= WORK ITEM =
Restate, word for word and with no pictures, the stretch of lines in the data below that begins at the line with "- Connect VAG" and ends at the line with "Antique Engagement Ring", inclusive.

= DATA SHOWN =

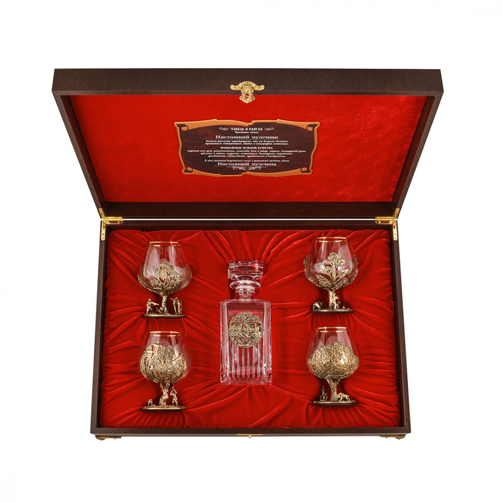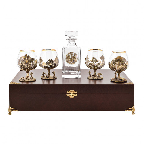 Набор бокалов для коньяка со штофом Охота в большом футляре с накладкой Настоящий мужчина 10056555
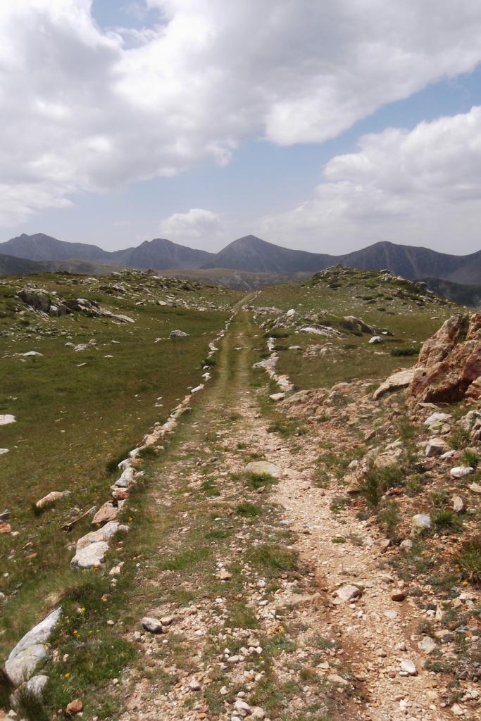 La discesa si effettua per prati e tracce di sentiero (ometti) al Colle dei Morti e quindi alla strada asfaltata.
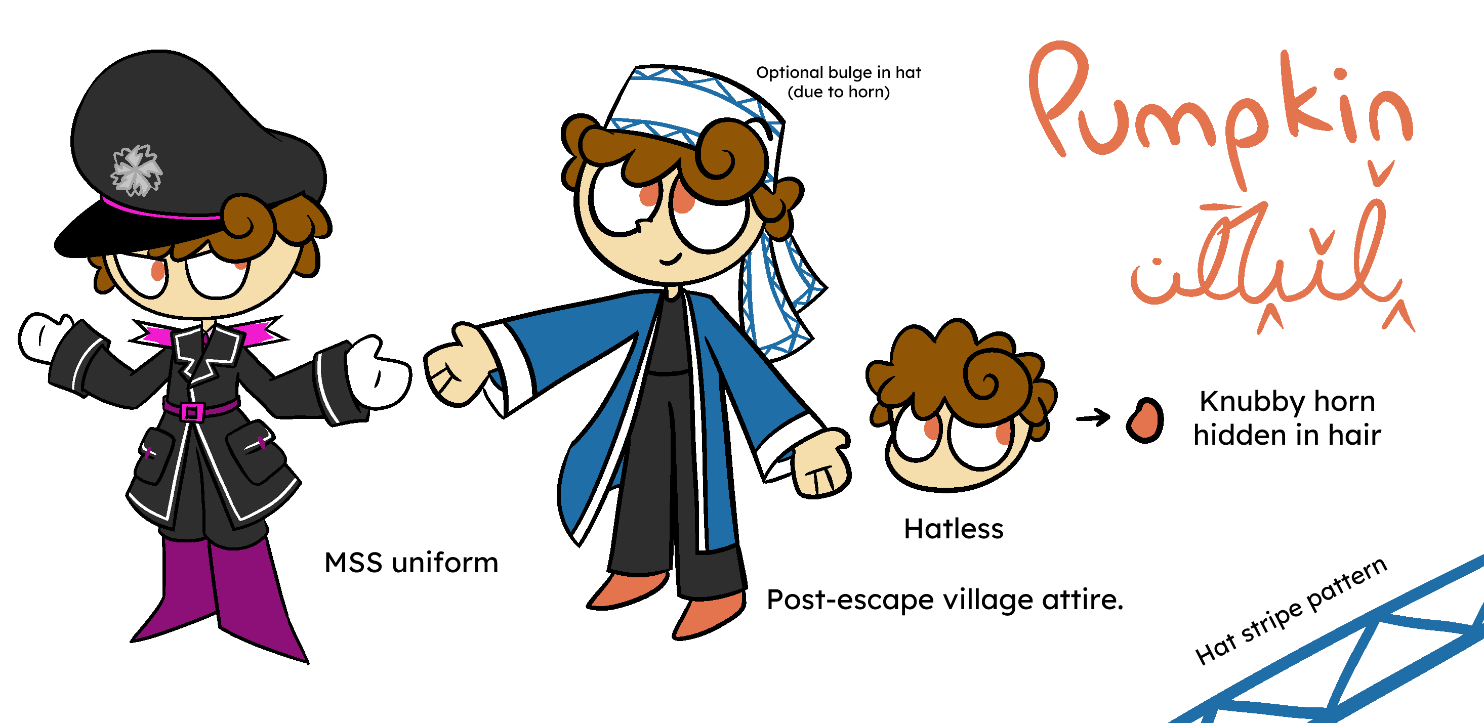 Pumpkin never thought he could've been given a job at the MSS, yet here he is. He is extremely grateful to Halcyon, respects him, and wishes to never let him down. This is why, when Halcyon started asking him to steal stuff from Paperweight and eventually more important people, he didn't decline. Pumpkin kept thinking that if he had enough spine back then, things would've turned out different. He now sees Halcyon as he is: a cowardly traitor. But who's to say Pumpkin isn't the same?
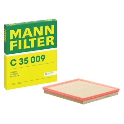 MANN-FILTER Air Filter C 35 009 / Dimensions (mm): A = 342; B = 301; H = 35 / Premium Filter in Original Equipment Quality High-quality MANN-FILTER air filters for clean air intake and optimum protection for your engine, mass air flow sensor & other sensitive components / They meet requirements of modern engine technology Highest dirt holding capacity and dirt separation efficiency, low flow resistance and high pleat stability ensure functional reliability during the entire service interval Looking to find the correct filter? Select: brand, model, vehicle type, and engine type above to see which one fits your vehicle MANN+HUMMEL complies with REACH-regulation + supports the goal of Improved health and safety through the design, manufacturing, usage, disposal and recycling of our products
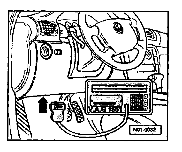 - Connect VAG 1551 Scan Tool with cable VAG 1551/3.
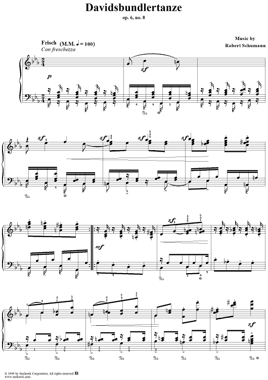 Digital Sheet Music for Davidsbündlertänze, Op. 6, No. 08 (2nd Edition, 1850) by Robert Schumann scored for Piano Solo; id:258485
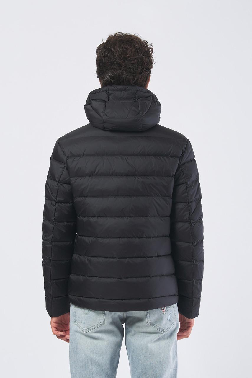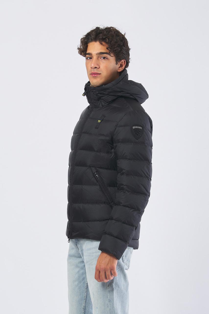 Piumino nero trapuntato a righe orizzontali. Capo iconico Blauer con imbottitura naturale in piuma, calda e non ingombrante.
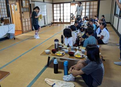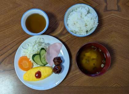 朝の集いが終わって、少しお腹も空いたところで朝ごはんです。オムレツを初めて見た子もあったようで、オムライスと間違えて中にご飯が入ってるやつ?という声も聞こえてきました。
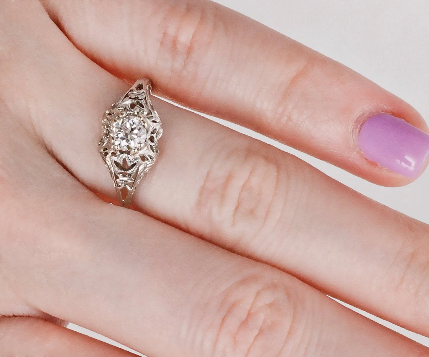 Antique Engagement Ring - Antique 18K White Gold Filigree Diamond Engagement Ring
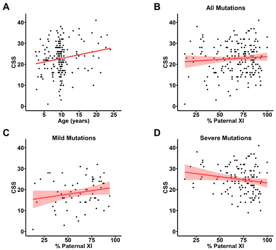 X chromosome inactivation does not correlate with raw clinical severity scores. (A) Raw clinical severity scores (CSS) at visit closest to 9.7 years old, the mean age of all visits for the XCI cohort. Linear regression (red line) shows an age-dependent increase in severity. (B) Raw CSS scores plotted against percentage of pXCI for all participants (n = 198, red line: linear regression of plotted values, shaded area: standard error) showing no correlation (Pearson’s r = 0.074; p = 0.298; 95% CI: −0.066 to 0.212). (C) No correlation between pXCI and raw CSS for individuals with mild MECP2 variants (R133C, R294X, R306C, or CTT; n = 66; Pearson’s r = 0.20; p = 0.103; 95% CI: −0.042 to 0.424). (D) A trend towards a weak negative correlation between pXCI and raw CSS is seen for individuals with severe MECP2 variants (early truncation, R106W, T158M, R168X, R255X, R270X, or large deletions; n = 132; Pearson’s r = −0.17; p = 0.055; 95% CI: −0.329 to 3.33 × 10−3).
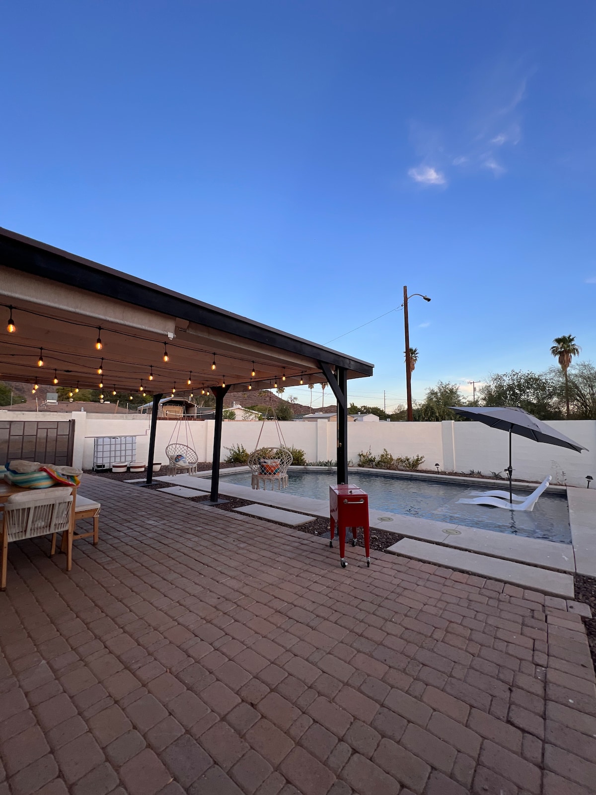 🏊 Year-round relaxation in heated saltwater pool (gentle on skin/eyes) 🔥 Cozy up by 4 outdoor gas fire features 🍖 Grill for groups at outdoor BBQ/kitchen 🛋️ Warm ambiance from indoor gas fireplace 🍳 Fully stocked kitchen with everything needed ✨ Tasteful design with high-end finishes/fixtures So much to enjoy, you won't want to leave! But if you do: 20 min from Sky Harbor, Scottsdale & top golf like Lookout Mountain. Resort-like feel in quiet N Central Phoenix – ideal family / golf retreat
--
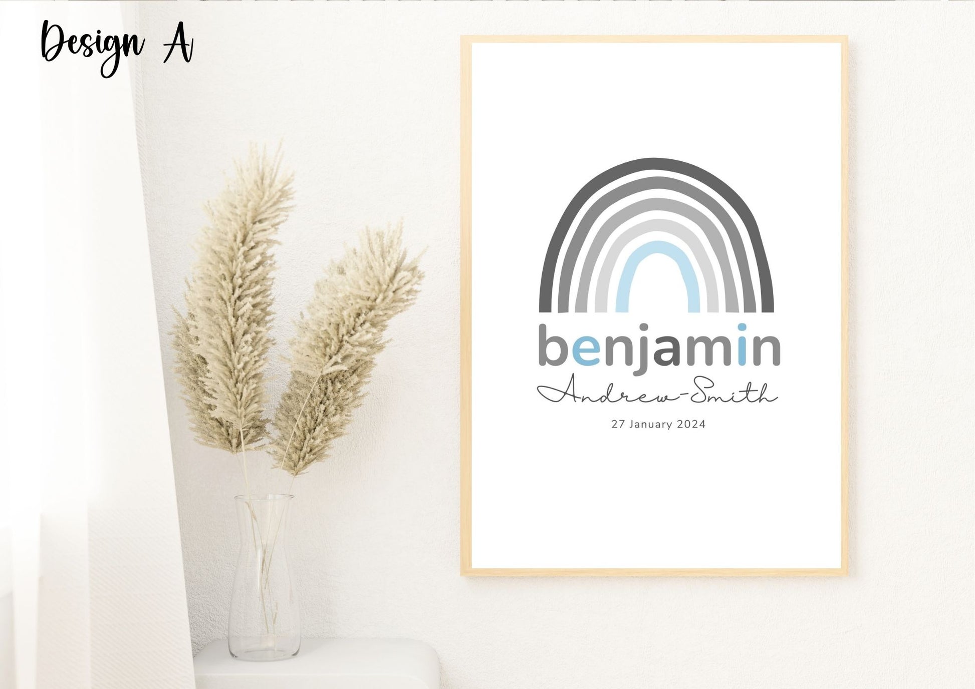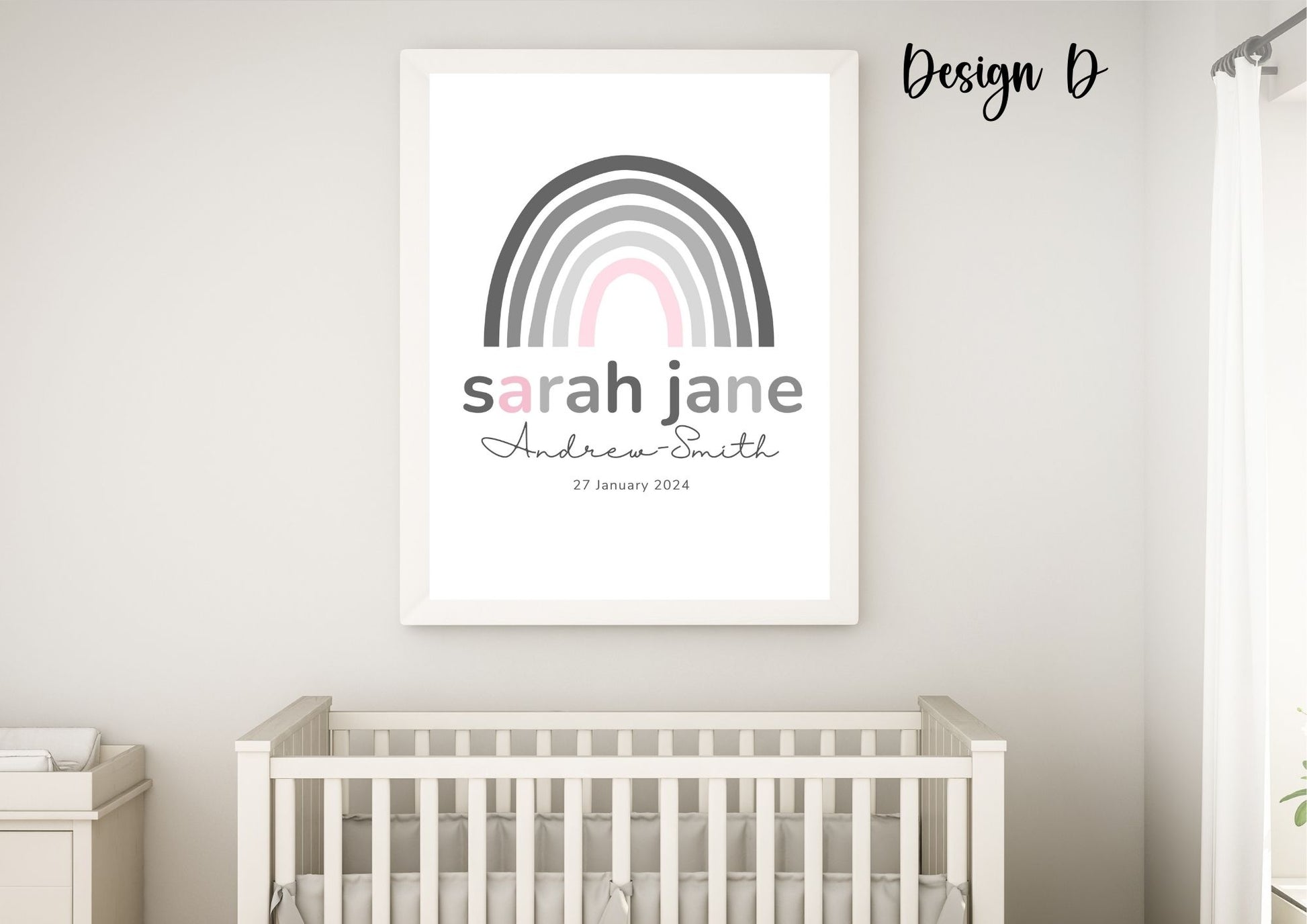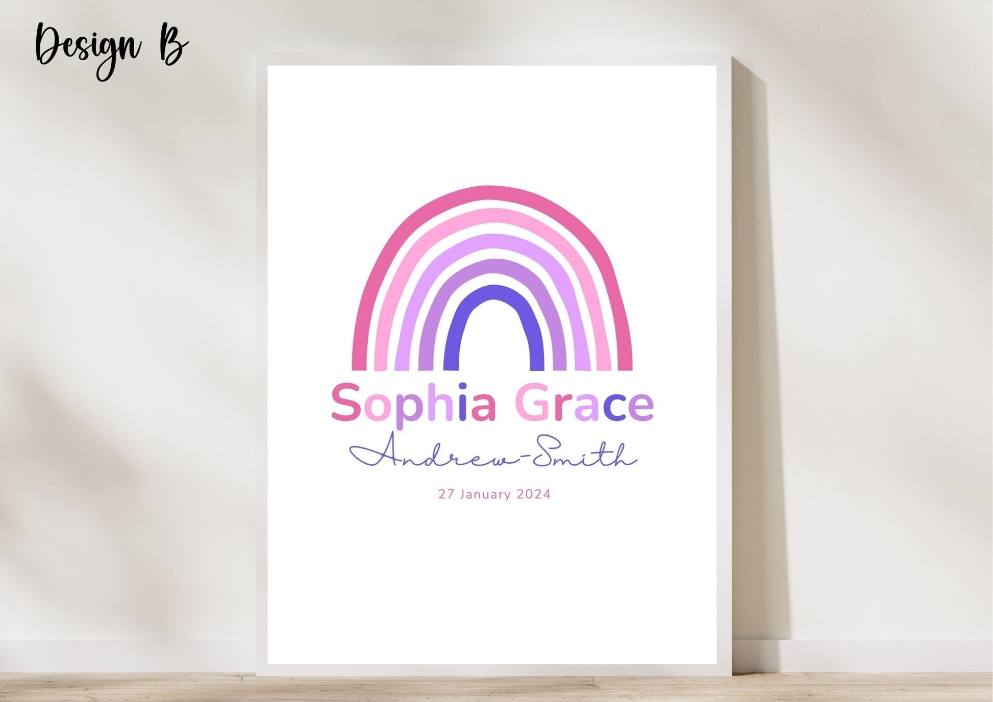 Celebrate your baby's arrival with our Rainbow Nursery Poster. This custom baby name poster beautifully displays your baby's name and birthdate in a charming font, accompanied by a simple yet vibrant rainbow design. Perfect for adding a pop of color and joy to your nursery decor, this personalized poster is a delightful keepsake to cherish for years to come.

= ANSWER FOR THIS EXERCISE =
 - Connect VAG 1551 Scan Tool with cable VAG 1551/3.
 Digital Sheet Music for Davidsbündlertänze, Op. 6, No. 08 (2nd Edition, 1850) by Robert Schumann scored for Piano Solo; id:258485
 Piumino nero trapuntato a righe orizzontali. Capo iconico Blauer con imbottitura naturale in piuma, calda e non ingombrante.
 朝の集いが終わって、少しお腹も空いたところで朝ごはんです。オムレツを初めて見た子もあったようで、オムライスと間違えて中にご飯が入ってるやつ?という声も聞こえてきました。
 Antique Engagement Ring - Antique 18K White Gold Filigree Diamond Engagement Ring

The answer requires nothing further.